Friday, 24 July 2015

Gel Fuel for camping stoves, any good?

Why use gel Gel fuels over gas?

If you haven't already heard of gel fuels you might be thinking 'Gel as a fuel for camping stoves, bit weird, what's wrong with gas, paraffin or petrol?'. And I agree, when I first came across it I was a little bemused by it all. That was until I was given a demonstration on how it works which completely changed my opinion of it and I now think of it as a genuine alternative to other fuels in the right situation.

The techy bit

Fuel4 Bio-ethanol gel
The gel itself is an bio-ethanol that is formed by the fermentation of sugars derived from corn, wheat and sugar cane and is completely biodegradable. This means that from an ecological perspective, it is both environmentally friendly and sustainable which is a good start.
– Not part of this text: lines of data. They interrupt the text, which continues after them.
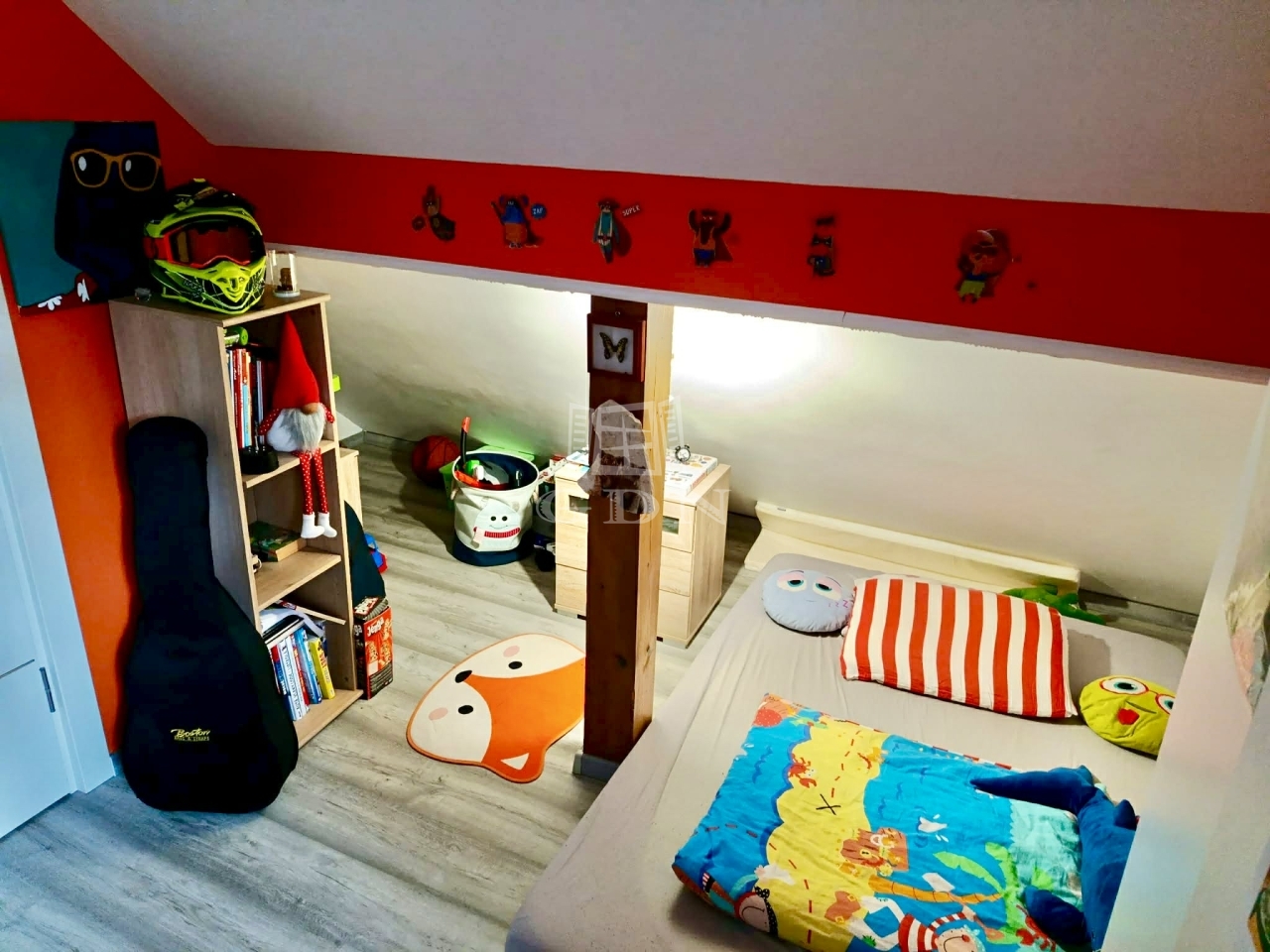 A földszinten található előszoba, nappali, konyha, fürdőszoba. A tetőtérben kapott helyet a két hálószoba.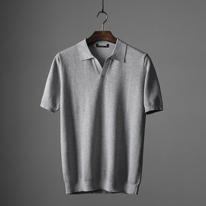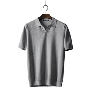 100コットン! パイナップル針! 夏カモメ襟通気性薄いvネック半袖男性ファッションカジュアルニットpoloシャツ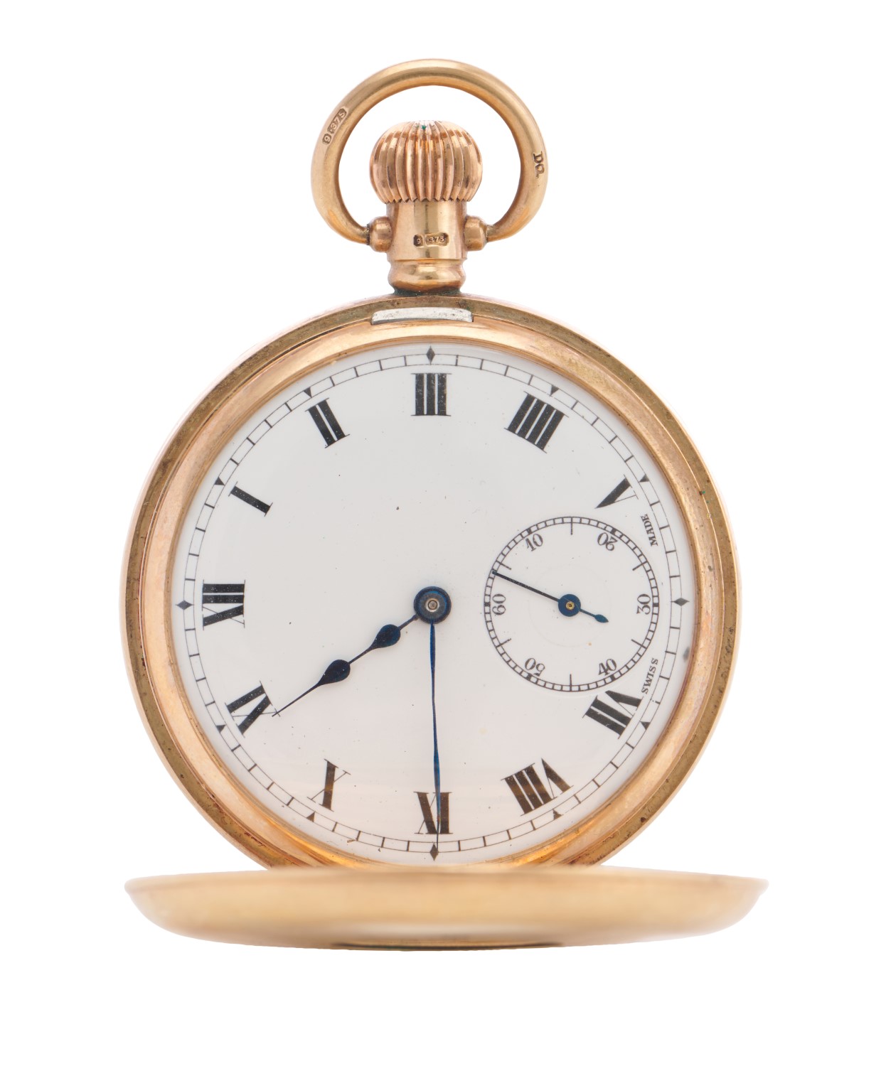 A GOLD HALF HUNTER POCKET WATCH - Crown wind and set movement, circular white enamel dial with black Roman numerals, subsidiary seconds dial at six, 9ct gold case with enamel numerals to the lid, hallmarked Birmingham, case signed A.L.D., Aaron Lufkin Dennison, diameter 47mm.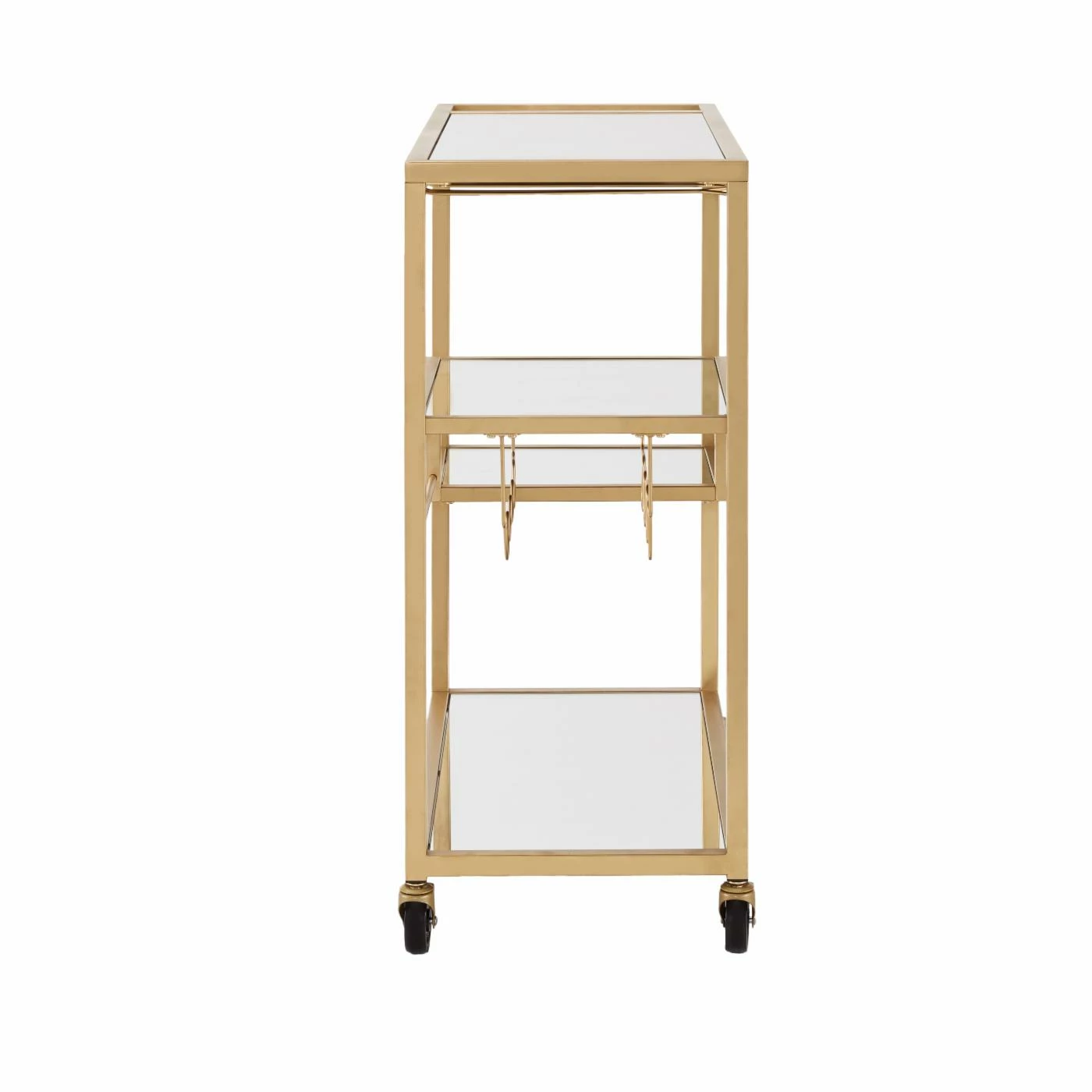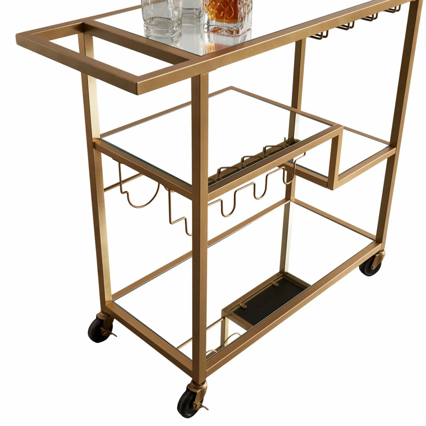 Serve drinks in the style of Daisy and Gatsby with the Art Deco-inspired HN Home Loewy Mid-Century Modern Mirror Glass Metal Bar Cart. The three tempered glass shelves provide plenty of space for bottles and tools, and the spacious glass top lets you mix and serve cocktails with ease. Four stemware rails and a four-bottle storage rack make this durable metal bar cart a wine lover’s dream. Caster wheels allow the cart to roll smoothly to wherever you’re entertaining. You can lock the wheels for security when you reach your destination. Some assembly required.

Another benefit is that when the ethanol burns, no toxic or harmful substances (or horrible smells) are released into the atmosphere, just tiny amounts of water vapour and carbon dioxide. The fuel is also skin safe and even acts as a mild antiseptic.

As bio-ethanol gel comes in super tough sachets that are obviously unaffected by altitude unlike pressurized gas canisters that can be a difficult to light at higher altitudes. When lit, the gel burns from the outside layer in, and as a result once the gel is extinguished, it is cool to the touch and wont burn if touched. The sachet, being malleable is also easy to stash in a rucksack or cooking pot taking up very little space.  

Using gel as a fuel

There are dedicated gel fuel stoves available but it can used in any spirit/meth burning stoves such as Trangia's. Essentially the fuel could be used with any appropriate cooking tin and pan holder/riser. Unlike paraffin or similar liquid fuels there's little danger of spilling the gel fuel as it is so viscous (very thick and gooey). It's so thick in fact that it is great for starting fires as the gel stays put on top of kindling and does not run off on to the ground. The gel is easily ignited by fire steel or matches, starting with a gentle flame that increases in heat and size till the gel starts to crackle, roughly signifying the gel is ready to cook over. This gentle ignition maybe preferable for some over a gas stove's tendency to burst into life through a small fireball if it hasn't lit immediately!

The downsides

While gel has many advantages over other fuel types the main sticking point that most wild campers just wont get over, is that it takes considerably longer to boil, say, a litre of water, compared to a gas stove. Some climbers and hikers will undoubtedly favour Jet Boil systems and the like that boast 90 second boil times that let them cook and go. That said, gel fuel is comparable to both meth and alcohol fuels boil times.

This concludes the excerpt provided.